Question

When implementing Ford-Fulkerson or Dinitz algorithms for maximum network flow there are two operations that need to be performed on the graph:

  • Iterate over all neighbours of a given vertex
  • Find the reverse edge of a given edge(this is needed for the graph modification when a flow is added along an augmenting path).

Ideally the first operation will be linear with respect to the number of neighbours and the second one should be constant. In addition the memory required for the graph representation should be linear with respect to the number of edges(note that for most practical applications of max network flow algorithms I have seen the number of edges is about linear times the number of vertices). All the estimations for the complexity for the two algorithms will only hold if the constraints above are met.

The problem is that none of the classical graph representations is able to meet the above requirements:

Adjacency Matrix

Using adjacency matrix, finding the reverse edge of a given edge can be done in constant time. However iterating over all neighbours is linear with respect to the number of all vertices and also the required memory is quadratic with respect to the number of vertices.

Edges list

Using this representation, iterating over all neighbours will not be linear with respect to the number of neighbours and also finding the reverse edge for a given edge is not constant.

Neighbours list

Using this representation we can iterate over all neighbours in linear time and also the needed memory is linear with respect to the number of edges. Still, finding the reverse edge for a given edge will be linear with respect to the number of neighbours of the destination vertex.

With a slight modification of this representation we could improve that - if instead of neighbours list we keep some binary search tree of the neighbours we could find the reverse edge with logarithmic complexity. And even better - if we use hash map instead of binary search tree we will have constant amortized complexity. Still this representation does not feel right - although still linear, a hash map has some memory overhead. Also it only has amortized constant complexity thus some operations may in fact be slower.

The question

So my question is: what graph representation is appropriate to implement maximum network flow algorithms?

Was it helpful?

Solution

I would describe Ivaylo's representation as "edge-contiguous". There's also an "endpoint-contiguous" representation, which I believe from an extremely unscientific sample to be in wider use. I have implemented both at various times.

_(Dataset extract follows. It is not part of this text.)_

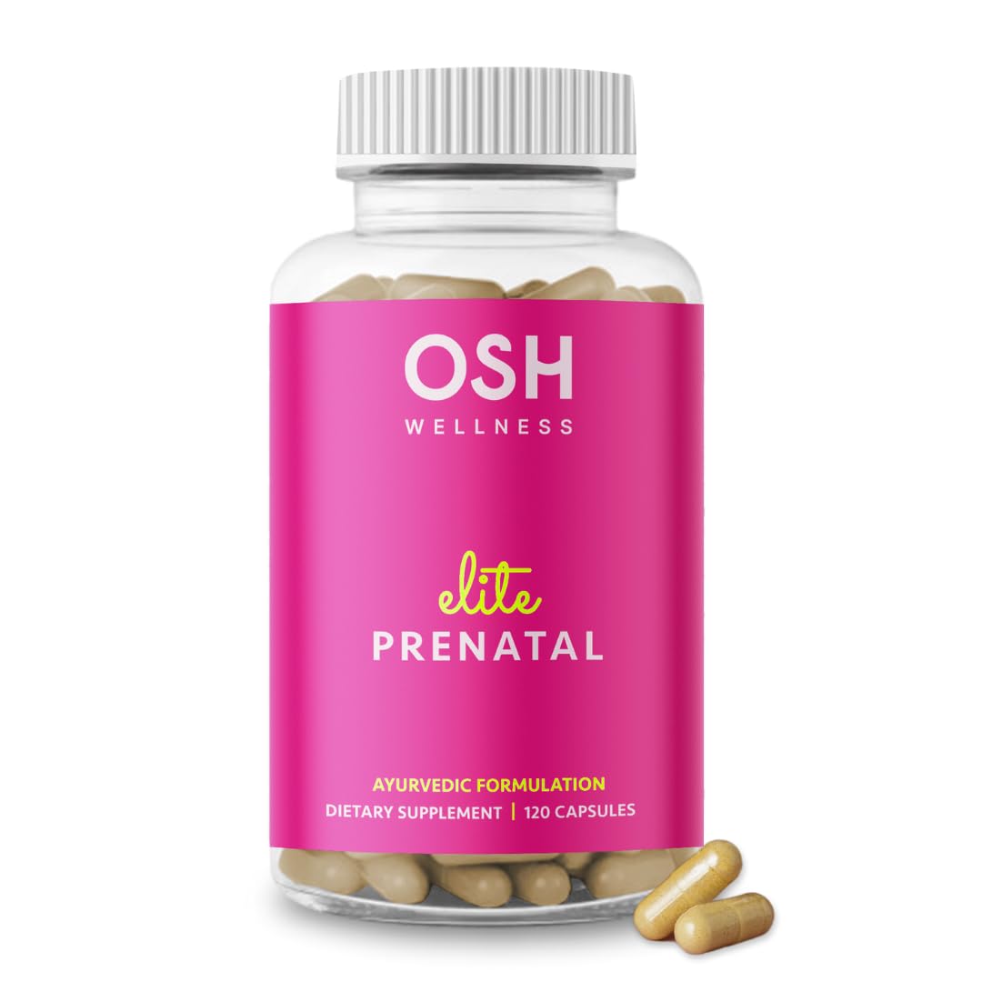 Ayurvedic Elite Prenatal Vitamins with Folate Choline Iron Iodine & more | Made in USA | Optimal Bioavailability | Supports Baby's Growth and Brain Development | 30 Day Supply - OSH Wellness

Absent hard data, my hypothesis would be that the endpoint-contiguous representation is better for the usual suspects network flow algorithms than the edge-contiguous representation, since edge-contiguous incurs a random access each time an arc is scanned, and endpoint-contiguous, each time flow is pushed on an arc (which presumably was preceded by scanning the arc). The clear upside of this representation is that it supports unsymmetric graphs (not so relevant for network flow). The clear downside of this representation is that changing the topology of the graph is much slower.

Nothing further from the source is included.